Subtracting the matrices element-wise:

[tex]\[ 3B - 3A = \begin{pmatrix} 21 - 9 & 3 - 3 & 27 - 6 \\ 9 - 0 & 0 - 15 & -3 - 21 \\ 12 - 27 & -18 - 3 & 6 - (-12) \end{pmatrix} = \begin{pmatrix} 12 & 0 & 21 \\ 9 & -15 & -24 \\ -15 & -21 & 18 \end{pmatrix} \][/tex]

We see that:

[tex]\[ 3(B - A) = 3B - 3A \][/tex]

### Part 2: Find the inverse of [tex]\( A = \begin{pmatrix} 2 & -3 & -5 \\ 0 & 5 & 7 \\ 9 & 1 & -4 \end{pmatrix} \)[/tex]

The inverse of matrix [tex]\( A \)[/tex] is calculated can be summarized step by step, here is the result for the inverse of the matrix [tex]\( A \)[/tex]:

[tex]\[ A^{-1} = \begin{pmatrix} 1.5 & 0.94444444 & -0.22222222 \\ -3.5 & -2.05555556 & 0.77777778 \\ 2.5 & 1.61111111 & -0.55555556 \end{pmatrix} \][/tex]

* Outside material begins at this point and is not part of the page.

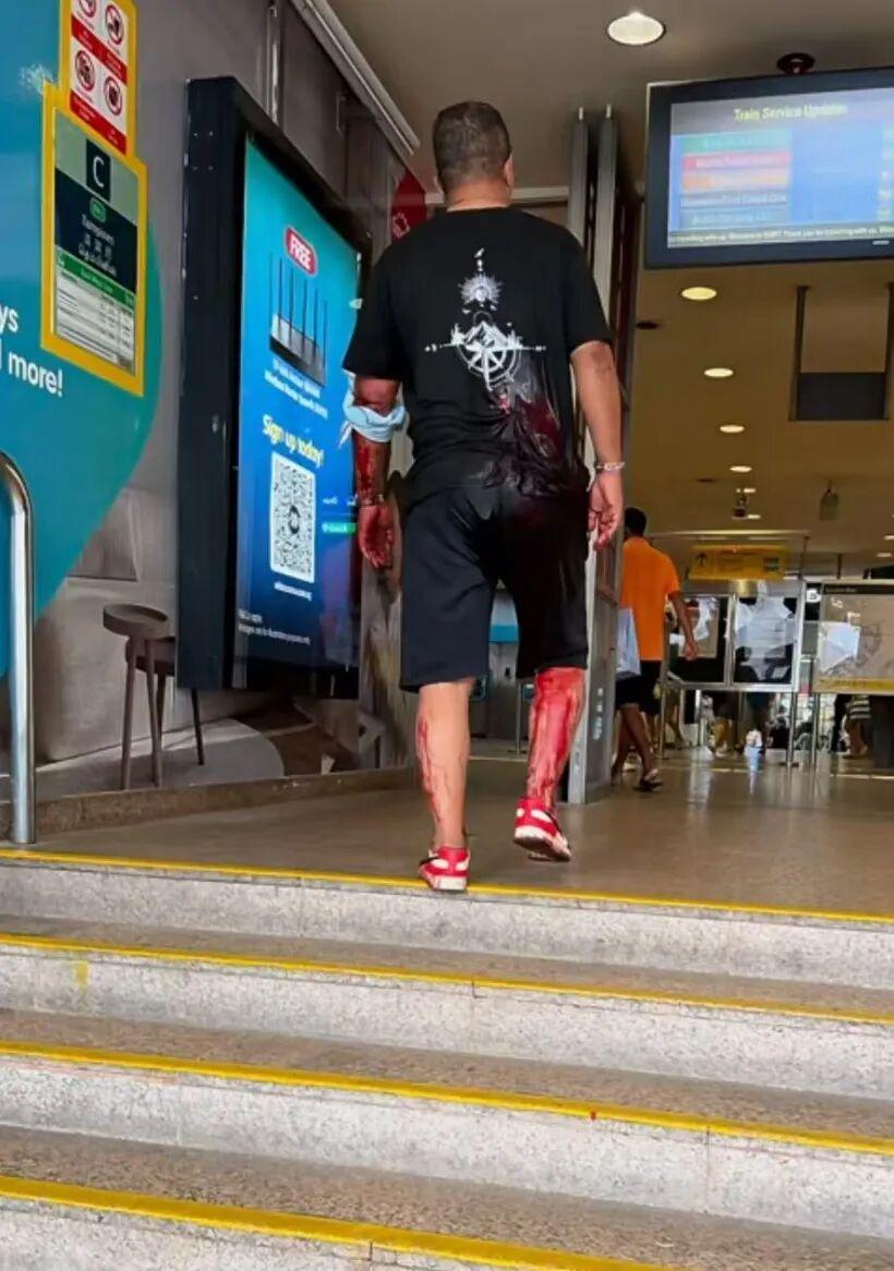他从淡滨尼地铁站朝淡滨尼商场的红绿灯走去,还跟另一男人在说话。在他身后,留下一路血迹。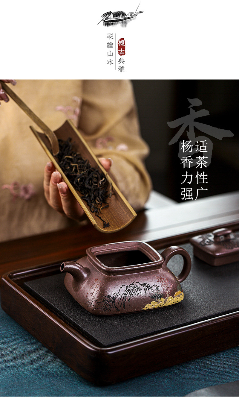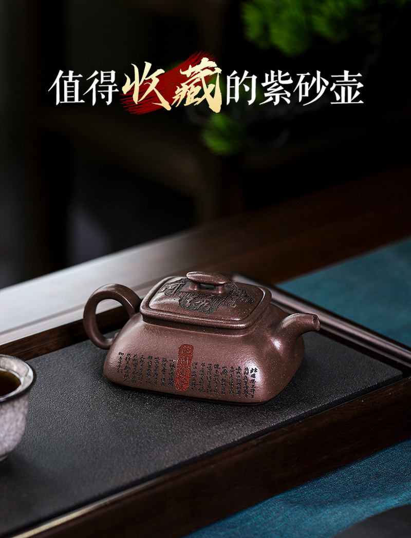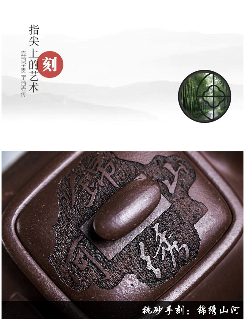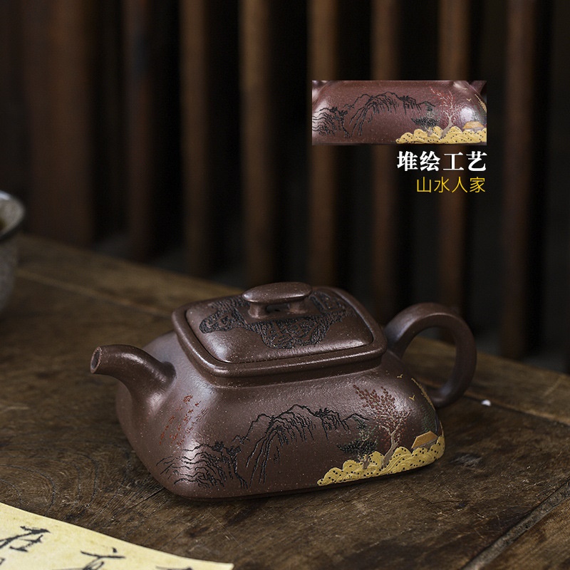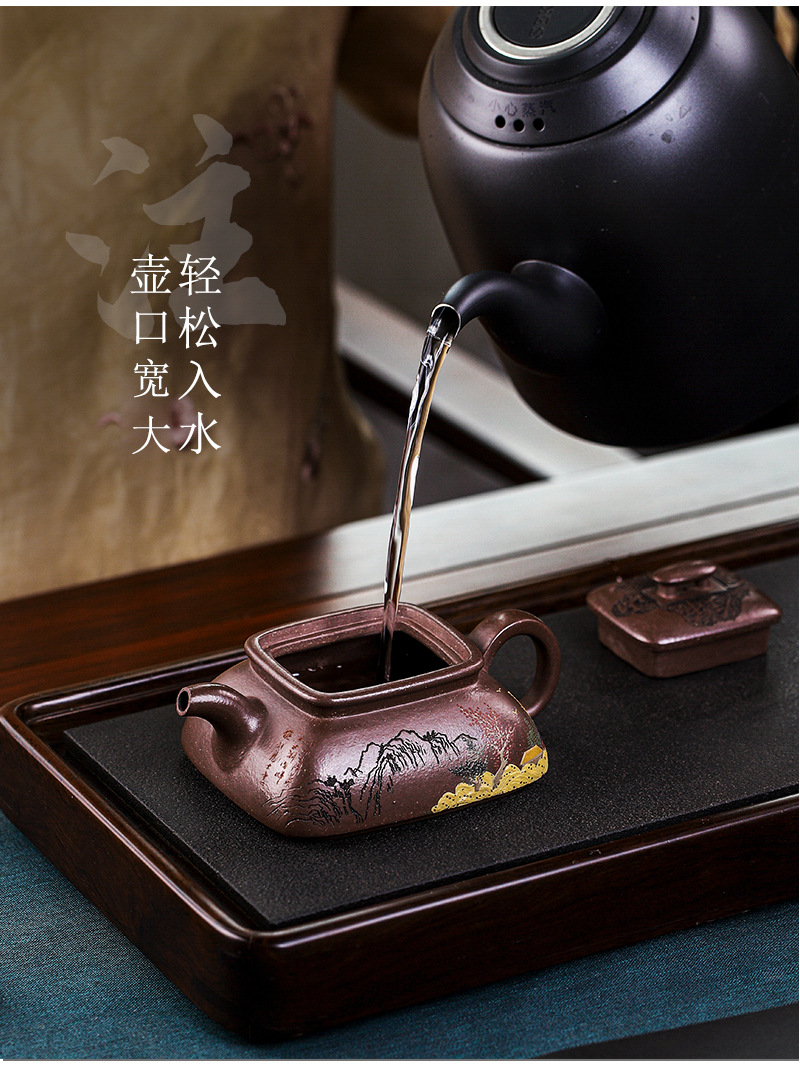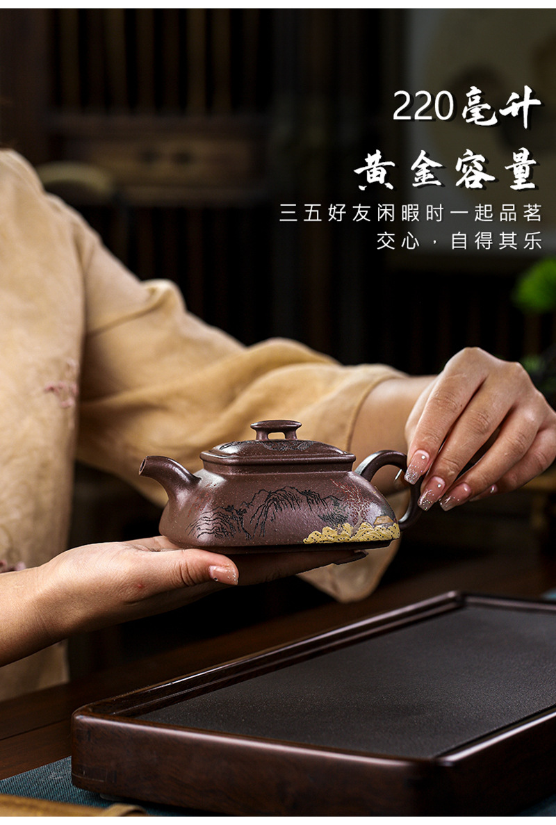 商品名称:宜兴手工紫砂壶家藏紫玉金砂锦绣山河出水爆爽滴水不漏国工手制

Thus, the inverse of [tex]\( A \)[/tex] is:

[tex]\[ \begin{pmatrix} 1.5 & 0.94444444 & -0.22222222 \\ -3.5 & -2.05555556 & 0.77777778 \\ 2.5 & 1.61111111 & -0.55555556 \end{pmatrix} \][/tex]

That completes the solution to the problem.